### WHAT THE TASK ASKS
Could you write out, exactly as they stand, only the lines in the listing below from the line with "A gondosan összeállított" to the line with "此次解禁前,公司流通股数量为", both ends included, without the pictures?

(DATA SUPPLIED begins)

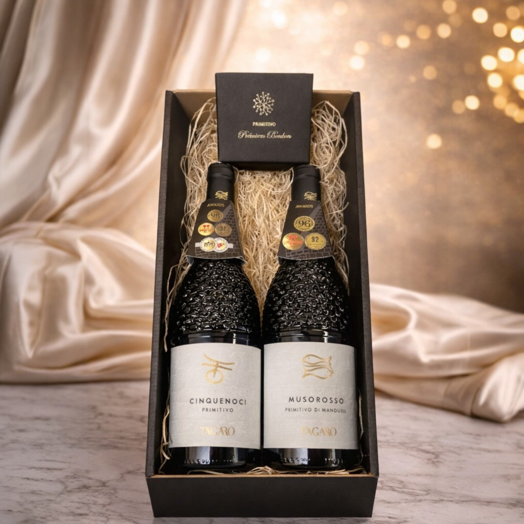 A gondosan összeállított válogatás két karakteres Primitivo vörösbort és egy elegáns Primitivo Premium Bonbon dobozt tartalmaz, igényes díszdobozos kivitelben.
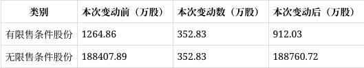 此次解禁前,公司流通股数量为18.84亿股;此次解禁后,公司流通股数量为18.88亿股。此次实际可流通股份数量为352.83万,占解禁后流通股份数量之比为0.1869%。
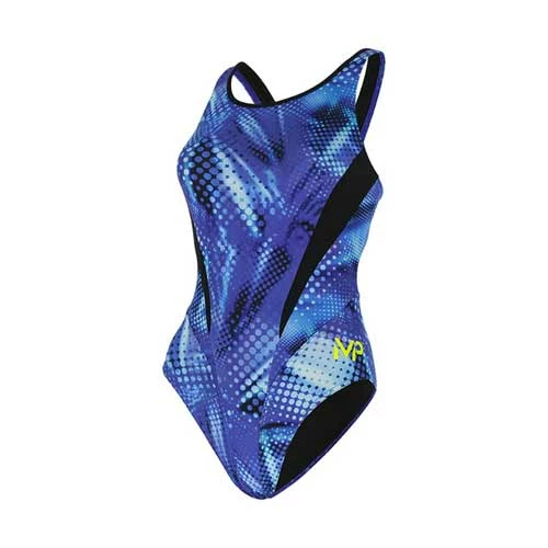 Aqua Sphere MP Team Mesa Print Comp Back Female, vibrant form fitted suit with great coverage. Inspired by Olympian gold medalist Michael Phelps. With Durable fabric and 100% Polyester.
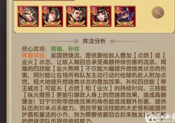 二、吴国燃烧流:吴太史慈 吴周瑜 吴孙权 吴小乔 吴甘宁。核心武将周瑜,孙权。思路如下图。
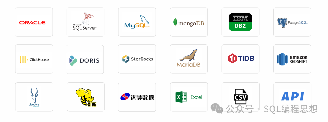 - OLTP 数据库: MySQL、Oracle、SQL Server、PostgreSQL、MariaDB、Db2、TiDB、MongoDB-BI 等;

(DATA SUPPLIED ends)
(DATA SUPPLIED begins)

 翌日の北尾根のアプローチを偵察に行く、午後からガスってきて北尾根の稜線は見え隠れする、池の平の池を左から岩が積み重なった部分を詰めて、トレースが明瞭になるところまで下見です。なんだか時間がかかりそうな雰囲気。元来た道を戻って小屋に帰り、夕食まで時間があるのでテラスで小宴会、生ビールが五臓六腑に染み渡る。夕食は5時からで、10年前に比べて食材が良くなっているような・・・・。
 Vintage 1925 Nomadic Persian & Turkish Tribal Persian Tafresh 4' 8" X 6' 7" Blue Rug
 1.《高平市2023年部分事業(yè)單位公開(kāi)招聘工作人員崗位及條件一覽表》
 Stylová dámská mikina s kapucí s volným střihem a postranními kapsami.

(DATA SUPPLIED ends)

### RESULT OF THIS EXERCISE
 A gondosan összeállított válogatás két karakteres Primitivo vörösbort és egy elegáns Primitivo Premium Bonbon dobozt tartalmaz, igényes díszdobozos kivitelben.
 此次解禁前,公司流通股数量为18.84亿股;此次解禁后,公司流通股数量为18.88亿股。此次实际可流通股份数量为352.83万,占解禁后流通股份数量之比为0.1869%。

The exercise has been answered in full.